Eventually, illiberal governments come even for those who welcomed their ascent. That is one of the great lessons of history, and if India
is unlucky a similar story will play out here over the next few years. You cannot ever demonstrate enough loyalty to an illiberal government unless you are already part of whichever in-group it prefers. In India, if you have a “Muslim-sounding” name, have served a past government, are linked to the West through education or commerce or funding, have spoken on social media of “human rights” — all these are, in one way or another, indicators of potential disloyalty.
The latest incarnation of this effect is what has happened to the writer Aatish Taseer. It appears that his status as an Overseas Citizen of India
has been revoked — “revocation of status” is something the government is pretty good at, apparently. The Ministry of Home Affairs said on Twitter that “Mr Aatish Ali Taseer” — a nice touch that, like Barack Hussein Obama — “while submitting his PIO application concealed the fact that his late father was of Pakistani origin”. Now, on the face of it, this appears truly representative of the Indian state’s famed brilliance. Taseer has written columns, essays, and entire books about his complicated relationship with Salman Taseer, the murdered British-Pakistani politician who was his biological father. Only the Indian state could say he was “concealing” it. It also reveals the Indian state’s general inability to deal with modern life, and its realities such as single-parent families. Salman Taseer did not bring up Aatish Taseer, who was in effect the child of a single mother. Surely the PIO application should reflect the fact that single mothers exist? That in such case, the applicant’s biological grandparents and great-grandparents on the “other side” are irrelevant? Or is any link, however distant, to Muslim countries so insidious, like a worm coiled deep in your soul, that even if you spend your life in India
re-awakening your Hindu, “Indic” heritage it is still too dangerous to allow you to stay?

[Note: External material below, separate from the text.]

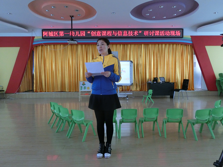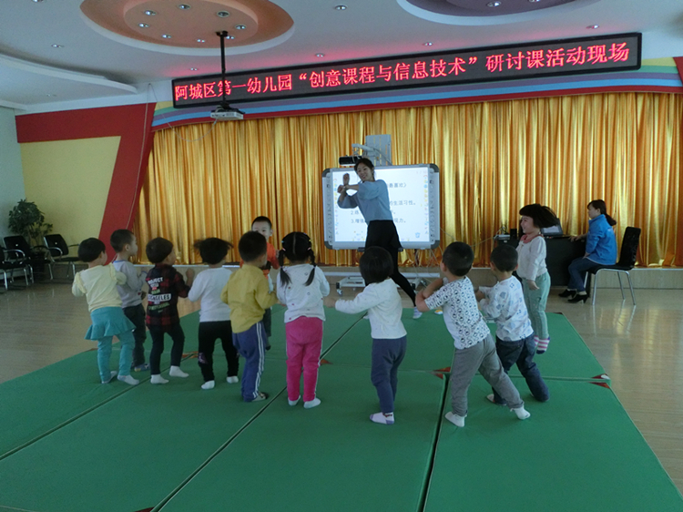 为提高教师专业化成长,体现团队的凝聚力,阿城区第一幼儿园于2015年4月8日、9日两天的时间开展了“创意课程与信息技术”研讨课活动,全园教师参与其中。此次活动是以新引入的《创意课程》如何与信息技术有效融合为切入进行的研讨课。选出了具有代表性的三节教学活动:托班组王伟老师、小班组崔桂香老师、中班组许忠萍老师为代表进行展示。活动采用执教教师说课、上课、组内教师评课三个环节向大家进行完整的呈现。教学活动结束后听课教师进行研讨,最后由姜玉华园长对本次活动做了总结,肯定了老师们成绩的同时抛出了几点建议。

Taseer says, and many believe, though the Union home ministry has officially denied it, that the revocation of Taseer’s status is linked to an article he wrote on the subject of the Prime Minister for Time magazine. I myself have not read it, so cannot let you know whether the article was of earth-shattering novelty, though the chances are it was not. Nevertheless it apparently came to the attention of the Prime Minister, who was quoted by NDTV as saying that the magazine was foreign and the writer from “a Pakistani political family”. The home ministry perhaps felt itself constrained to follow up.
I do not, as it happens, believe that the Prime Minister himself sought that Taseer’s status be revoked. That would be ridiculous and uncharacteristic of the PM. It is also not how things happen in illiberal states. In such places, lower-level functionaries of every rank and hue seek to ingratiate themselves with the highest authority by going pell-mell after dissenters and outsiders. All you have to do is indicate who the outsiders are — and, fortunately, there are usually relatively easy indicators. Somebody with the middle name “Ali” is never going to be an insider in today’s India, after all.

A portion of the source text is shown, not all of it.